An BFDP test was also applied to further investigate significant associations between MTHFR A1298C and male infertility risk, as shown in Tables 4 and 5. Significantly increased male infertility risk was considered as “noteworthy” in the East Asians (AC vs AA: BFDP = 0.111, AC + CC vs AA: BFDP = 0.012) and population-based studies (C vs A: BFDP = 0.139). However, we did not find that the positive results of sensitivity analysis were considered as “noteworthy” in the overall and all subgroup analyses.

4. Discussion

In 2001, Bezold et al.^[33] first investigated the association between the MTHFR C667T polymorphism and male infertility risk. In 2005, Park et al.^[37] first explored the MTHFR A1298C polymorphism with male infertility risk. Since then a lot of case–control studies have investigated the associations but the results are still inconsistent. Here, an updated and high quality meta-analysis was carried out to explore the above two gene polymorphism with male infertility risk.

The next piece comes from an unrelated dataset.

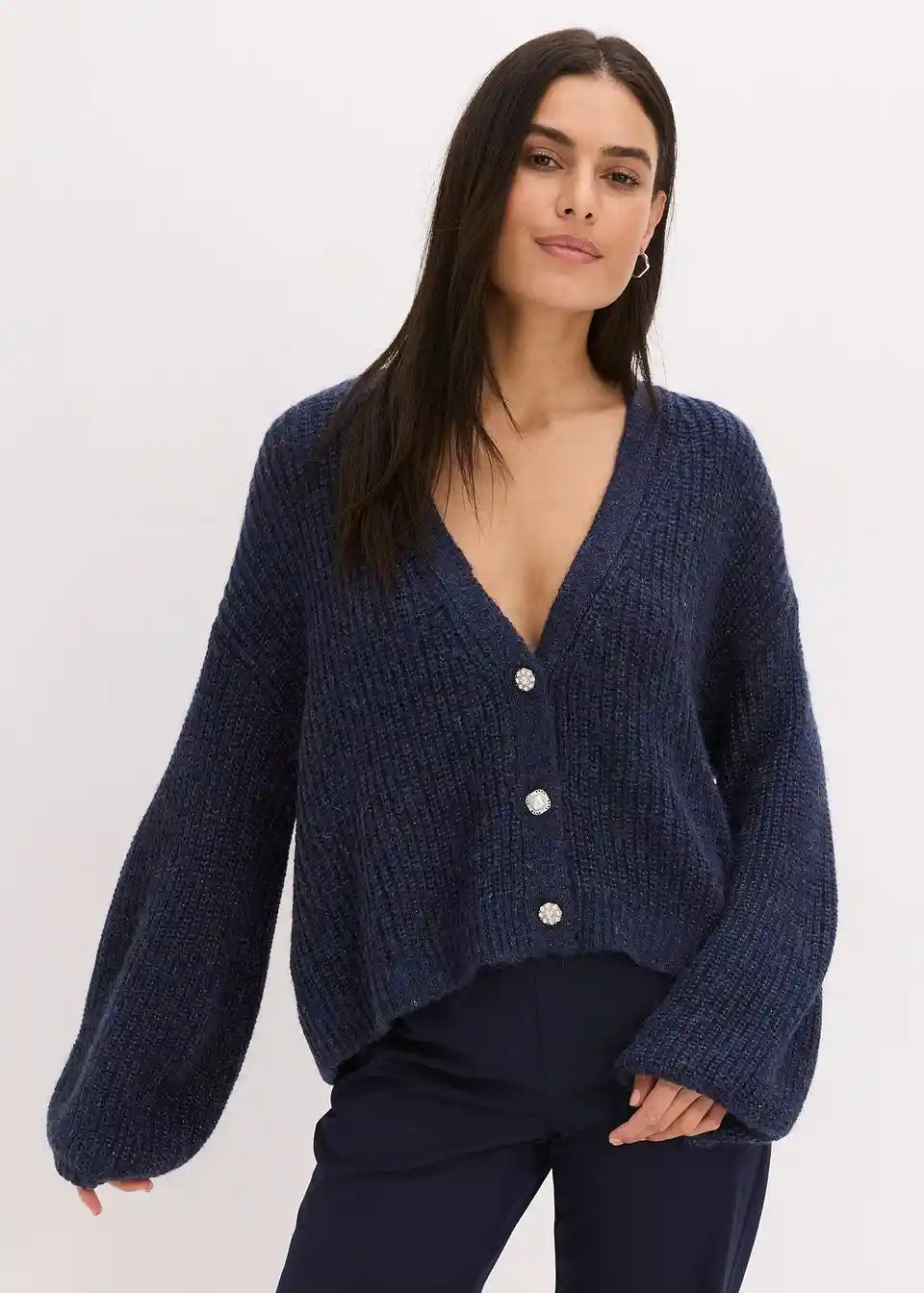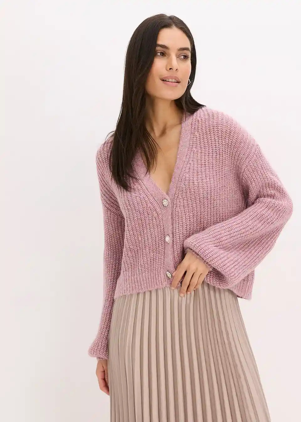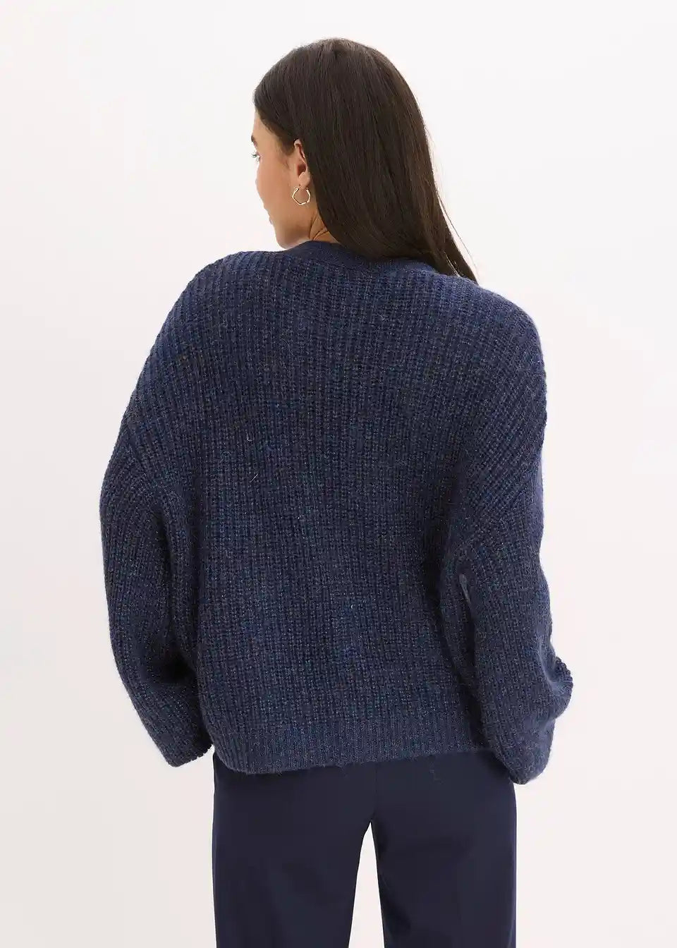 Stilna ohlapna pletena jopa s sijočimi vlakni in deležem volne

Overall, the MTHFR C677T polymorphism was associated with increased male infertility risk in overall populations, Africans, East Asians, West Asians, South Asians, hospital-based studies, azoospermia and OAT. In addition, a significantly increased male infertility risk was also found in East Asians and population-based studies for the MTHFR A1298C polymorphism. The pooled data was analyzed using five different genetic models and several subgroup analyses in this study. Under the circumstances, the P-value must be adjusted to explain the multiple comparisons.^[93] In addition, random error and bias were common in the studies with small sample sizes so that the results were unreliable, especially in molecular epidemiological studies. Wakefield et al.^[101] in 2007 proposed a more precise Bayesian measure of false discovery in genetic epidemiology studies, for determining the “noteworthiness” of the positive association. Hence, we used BFDP test to assess the false discovery in the current meta-analysis. Finally, the positive results by sensitivity analysis were only considered as “noteworthy” in the overall population and OAT for MTHFR C677T polymorphism. We did not find that the positive results of sensitivity analysis were considered as “noteworthy” in the overall and all subgroup analyses for MTHFR A1298C.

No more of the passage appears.